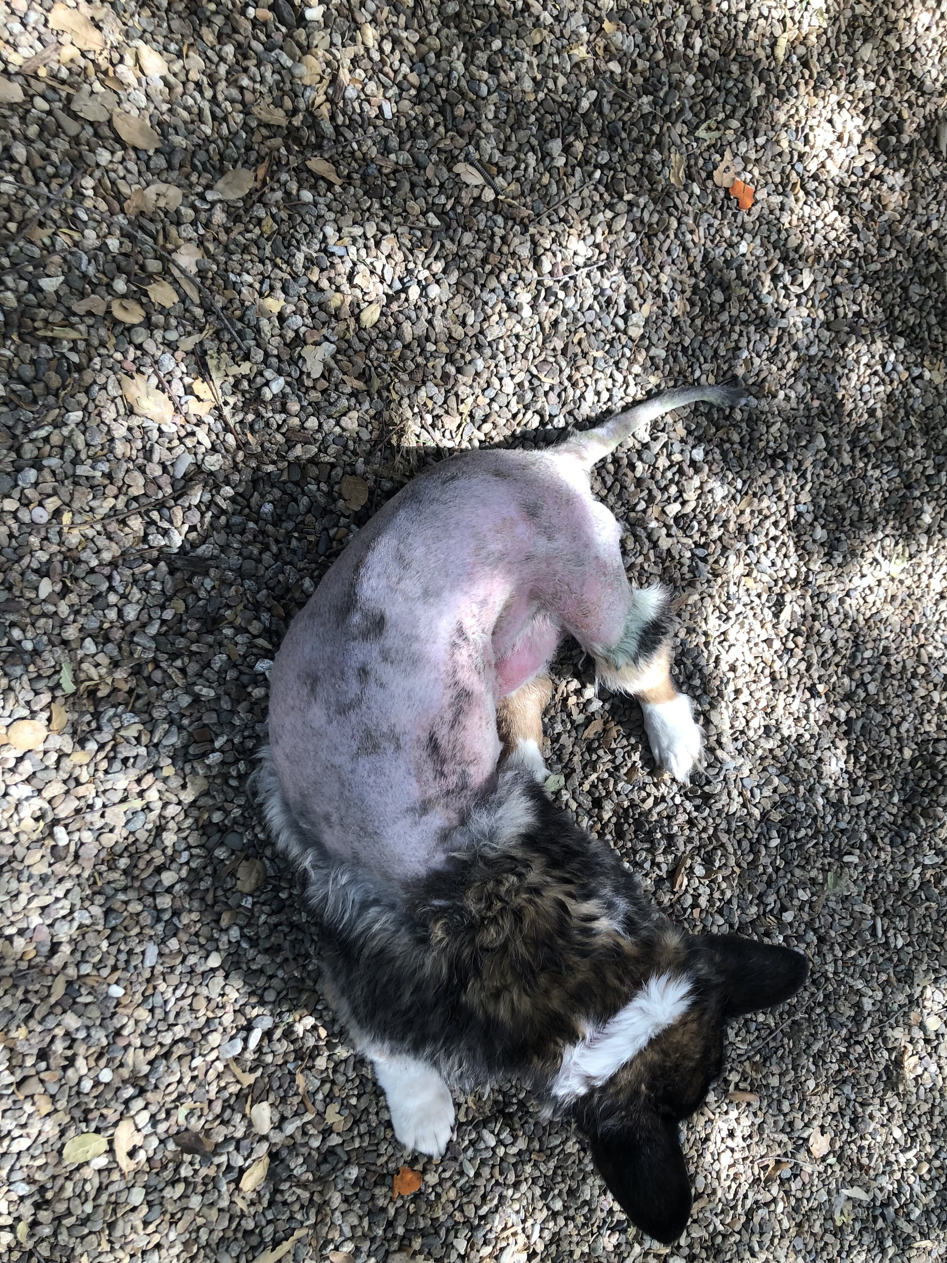 My old dog lies on the floor I’m not sure if she’ll live or die
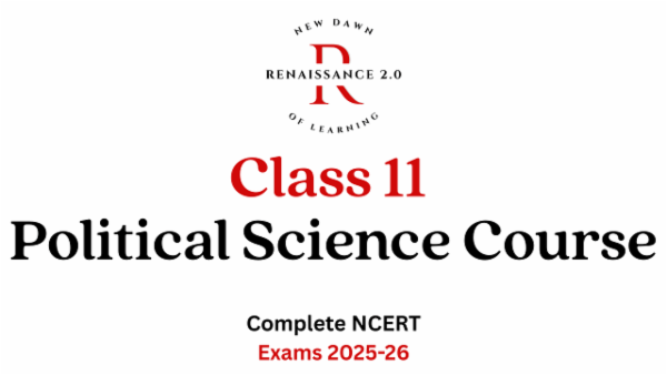 Class 11 Political Science introduces students to ideas like liberty, equality, rights, justice, constitution, citizenship, parliament, judiciary, federalism and political philosophy. With the Renaissance 2.0 approach, these topics become easy to understand, relatable, and conceptually strong, even for students who are completely new to Political Science.
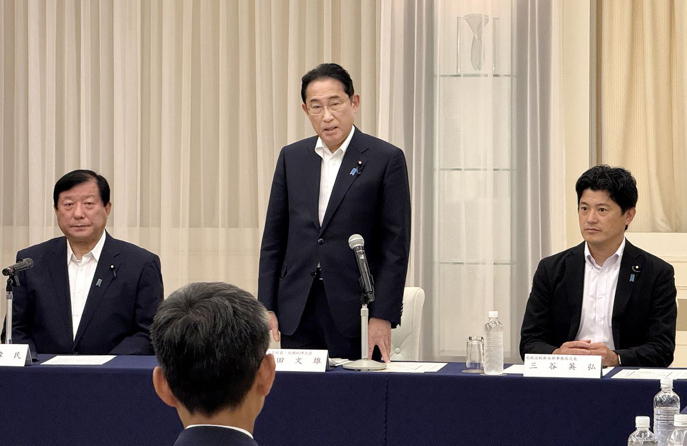 自民党福島県連との政治刷新車座対話であいさつする岸田文雄首相(中央)=2024年8月24日午後、同県いわき市

# [Task requirements]
Print the full listing exactly, dropping the pictures.

# [Reply]
 My old dog lies on the floor I’m not sure if she’ll live or die
 Class 11 Political Science introduces students to ideas like liberty, equality, rights, justice, constitution, citizenship, parliament, judiciary, federalism and political philosophy. With the Renaissance 2.0 approach, these topics become easy to understand, relatable, and conceptually strong, even for students who are completely new to Political Science.
 自民党福島県連との政治刷新車座対話であいさつする岸田文雄首相(中央)=2024年8月24日午後、同県いわき市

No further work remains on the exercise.